SOURCE DATA ▸
======

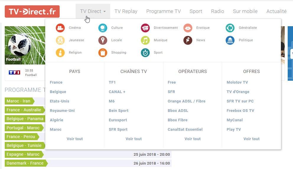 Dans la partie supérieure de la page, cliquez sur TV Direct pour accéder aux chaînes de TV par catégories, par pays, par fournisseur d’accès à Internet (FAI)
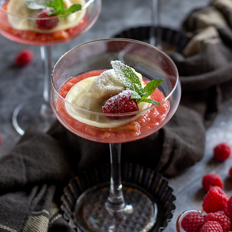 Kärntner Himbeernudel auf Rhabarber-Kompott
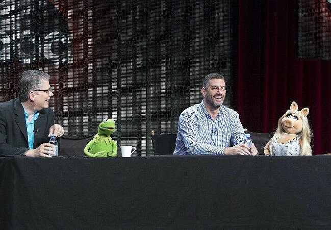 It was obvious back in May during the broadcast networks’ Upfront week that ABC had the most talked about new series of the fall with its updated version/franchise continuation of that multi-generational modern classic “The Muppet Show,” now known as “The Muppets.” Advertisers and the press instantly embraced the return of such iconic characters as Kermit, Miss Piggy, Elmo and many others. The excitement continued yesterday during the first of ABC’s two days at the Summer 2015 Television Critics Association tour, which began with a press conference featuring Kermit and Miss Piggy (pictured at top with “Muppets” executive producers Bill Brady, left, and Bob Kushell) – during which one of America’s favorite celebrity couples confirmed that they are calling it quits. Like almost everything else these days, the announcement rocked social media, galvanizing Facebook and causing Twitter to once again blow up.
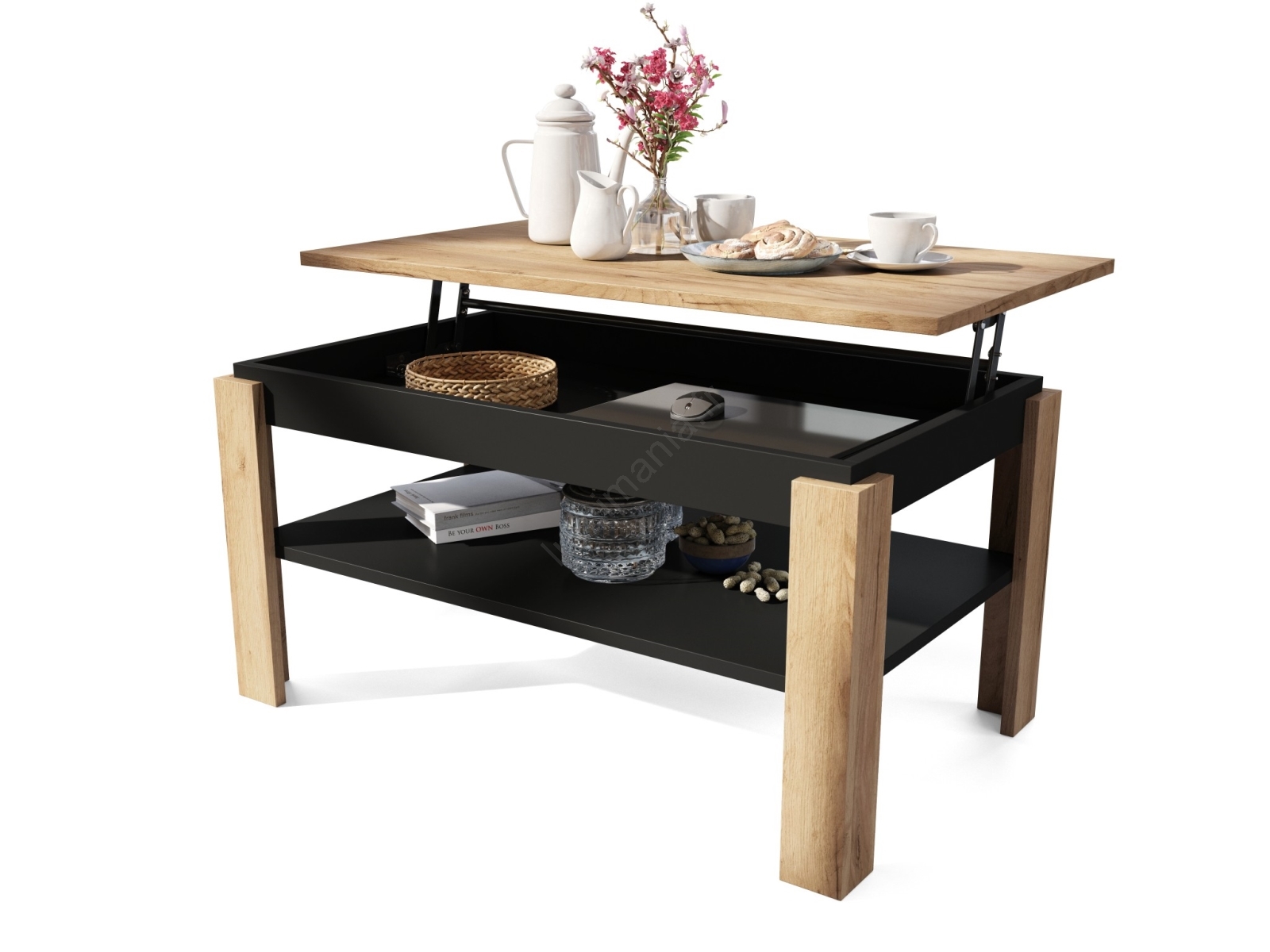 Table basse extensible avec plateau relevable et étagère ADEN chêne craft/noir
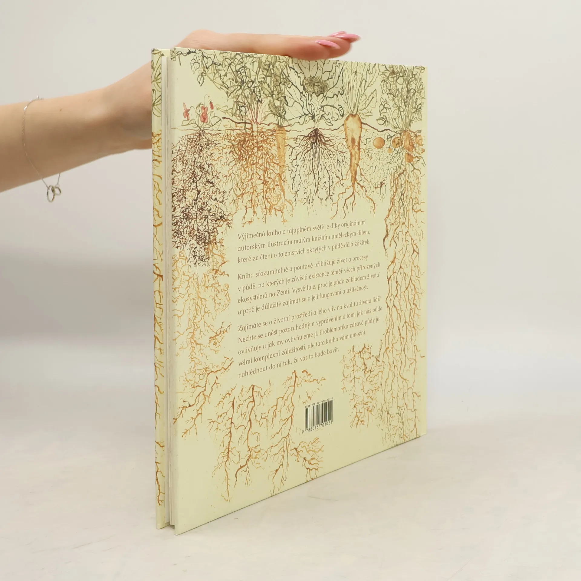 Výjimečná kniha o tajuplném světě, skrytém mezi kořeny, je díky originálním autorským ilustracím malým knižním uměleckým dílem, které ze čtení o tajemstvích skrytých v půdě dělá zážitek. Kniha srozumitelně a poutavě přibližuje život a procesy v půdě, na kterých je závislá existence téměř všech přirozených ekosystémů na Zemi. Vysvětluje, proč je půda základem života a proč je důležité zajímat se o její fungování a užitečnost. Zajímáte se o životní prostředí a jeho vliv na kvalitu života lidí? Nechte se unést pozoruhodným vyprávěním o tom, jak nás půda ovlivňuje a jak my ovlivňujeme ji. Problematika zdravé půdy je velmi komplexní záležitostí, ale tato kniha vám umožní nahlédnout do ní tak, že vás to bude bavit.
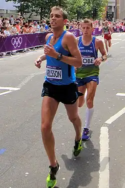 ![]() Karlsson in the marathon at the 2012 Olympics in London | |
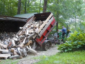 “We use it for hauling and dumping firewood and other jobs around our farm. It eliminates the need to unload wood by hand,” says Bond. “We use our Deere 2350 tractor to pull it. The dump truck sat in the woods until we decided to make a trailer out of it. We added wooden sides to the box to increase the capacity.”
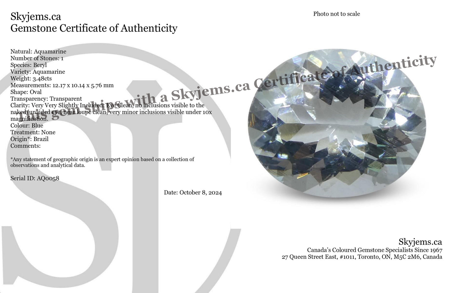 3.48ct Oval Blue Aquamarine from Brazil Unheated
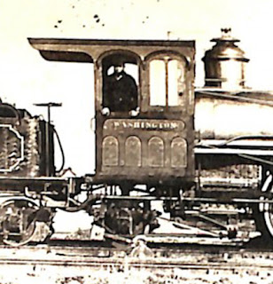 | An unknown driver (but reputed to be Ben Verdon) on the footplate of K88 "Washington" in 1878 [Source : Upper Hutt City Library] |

======

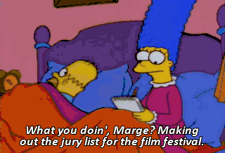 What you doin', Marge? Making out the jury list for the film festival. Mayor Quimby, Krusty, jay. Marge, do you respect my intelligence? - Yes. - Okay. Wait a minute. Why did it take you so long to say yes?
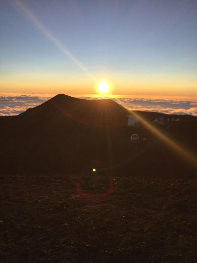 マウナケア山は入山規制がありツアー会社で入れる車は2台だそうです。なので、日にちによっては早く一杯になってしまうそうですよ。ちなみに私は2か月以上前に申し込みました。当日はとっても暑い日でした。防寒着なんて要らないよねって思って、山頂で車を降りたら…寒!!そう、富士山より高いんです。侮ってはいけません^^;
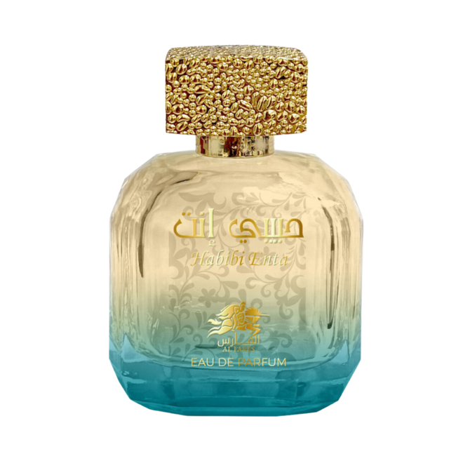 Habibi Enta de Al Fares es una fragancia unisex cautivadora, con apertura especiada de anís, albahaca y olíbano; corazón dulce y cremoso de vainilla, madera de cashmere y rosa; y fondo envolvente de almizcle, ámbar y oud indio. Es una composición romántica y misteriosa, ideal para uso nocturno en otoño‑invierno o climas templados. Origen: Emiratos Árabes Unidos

======

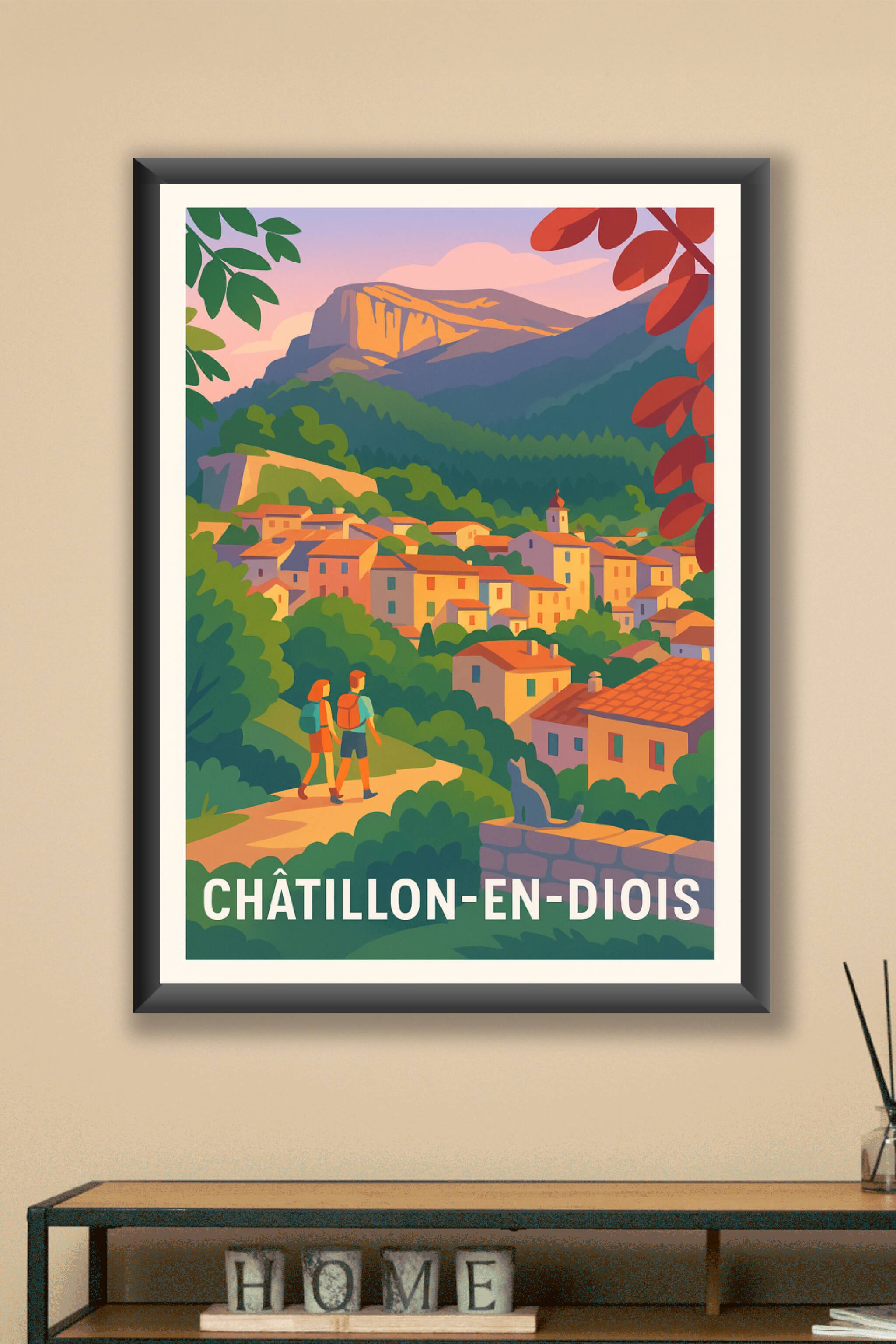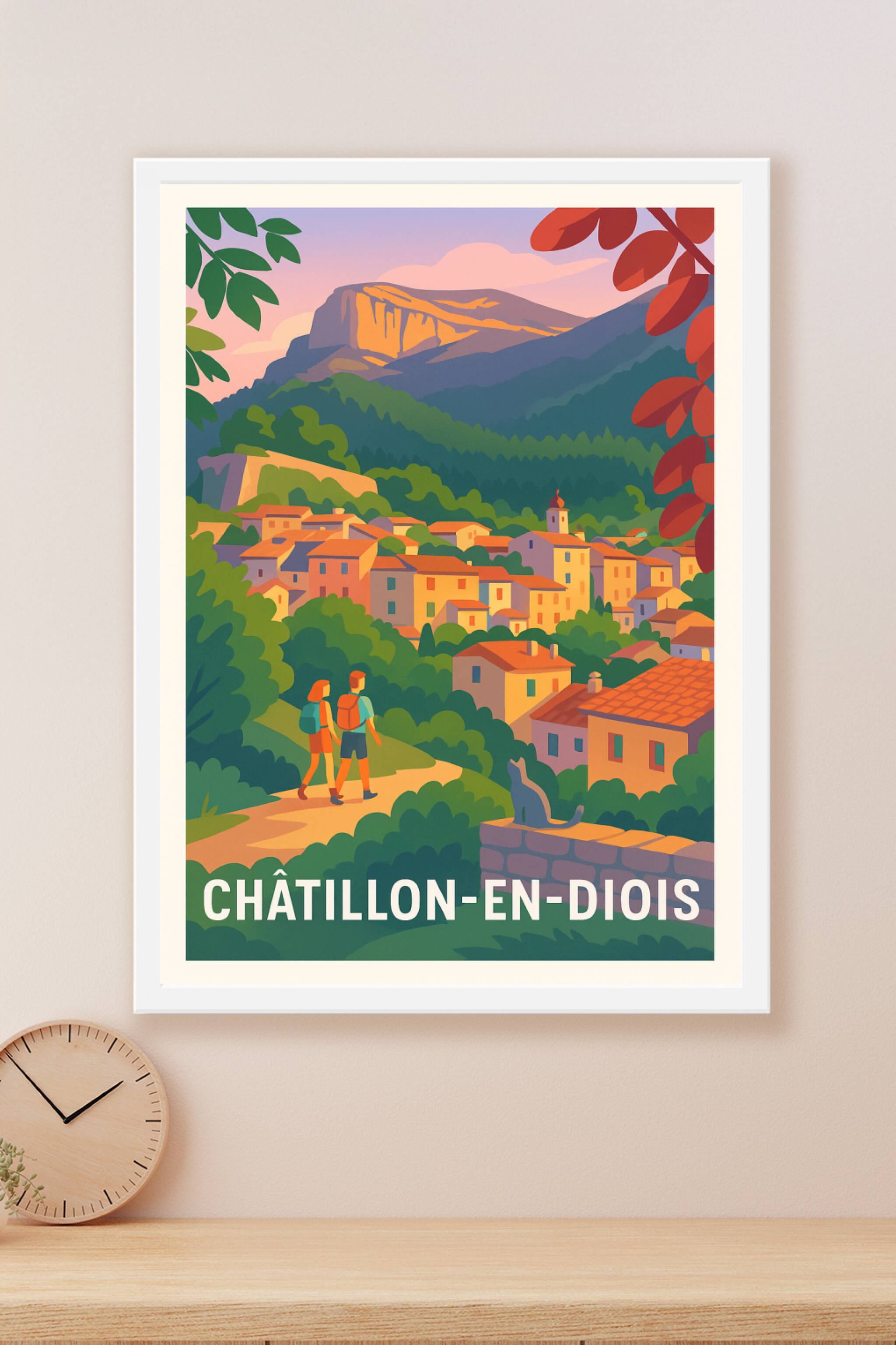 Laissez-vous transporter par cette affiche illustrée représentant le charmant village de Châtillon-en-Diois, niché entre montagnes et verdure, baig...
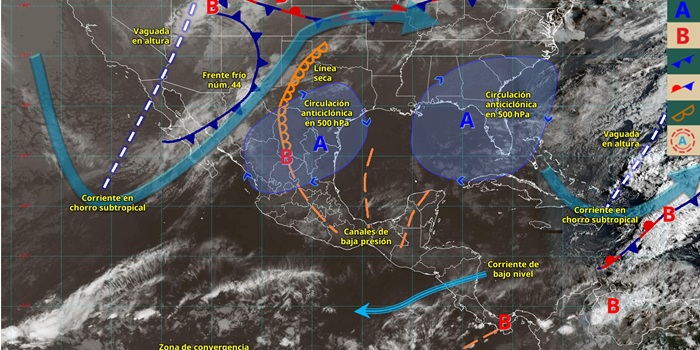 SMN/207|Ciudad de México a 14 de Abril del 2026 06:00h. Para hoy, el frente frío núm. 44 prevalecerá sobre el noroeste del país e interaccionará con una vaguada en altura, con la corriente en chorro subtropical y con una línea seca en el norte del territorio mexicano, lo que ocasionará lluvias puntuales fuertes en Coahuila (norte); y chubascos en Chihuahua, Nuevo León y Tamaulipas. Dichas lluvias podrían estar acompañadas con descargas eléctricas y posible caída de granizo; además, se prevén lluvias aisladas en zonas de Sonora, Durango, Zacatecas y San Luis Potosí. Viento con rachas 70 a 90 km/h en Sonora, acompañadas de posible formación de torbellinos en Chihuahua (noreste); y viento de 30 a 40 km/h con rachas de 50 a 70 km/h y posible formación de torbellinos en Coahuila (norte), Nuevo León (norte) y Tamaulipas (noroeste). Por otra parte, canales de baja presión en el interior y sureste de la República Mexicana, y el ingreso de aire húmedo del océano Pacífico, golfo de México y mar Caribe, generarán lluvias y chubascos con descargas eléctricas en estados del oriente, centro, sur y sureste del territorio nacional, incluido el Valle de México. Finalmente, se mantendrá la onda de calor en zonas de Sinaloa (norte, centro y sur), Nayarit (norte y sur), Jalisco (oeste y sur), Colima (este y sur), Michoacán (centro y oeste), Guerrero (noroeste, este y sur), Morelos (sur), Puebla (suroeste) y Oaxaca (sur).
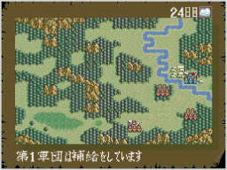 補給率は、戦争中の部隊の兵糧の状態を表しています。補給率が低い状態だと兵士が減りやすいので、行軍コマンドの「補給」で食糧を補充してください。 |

======

TASK TO COMPLETE ▸
Starting at the line above with "it for hauling", output every line exactly up to and including the line with "City Library] |", but none of the pictures.

EXERCISE RESULT ▸
 “We use it for hauling and dumping firewood and other jobs around our farm. It eliminates the need to unload wood by hand,” says Bond. “We use our Deere 2350 tractor to pull it. The dump truck sat in the woods until we decided to make a trailer out of it. We added wooden sides to the box to increase the capacity.”
 3.48ct Oval Blue Aquamarine from Brazil Unheated
 | An unknown driver (but reputed to be Ben Verdon) on the footplate of K88 "Washington" in 1878 [Source : Upper Hutt City Library] |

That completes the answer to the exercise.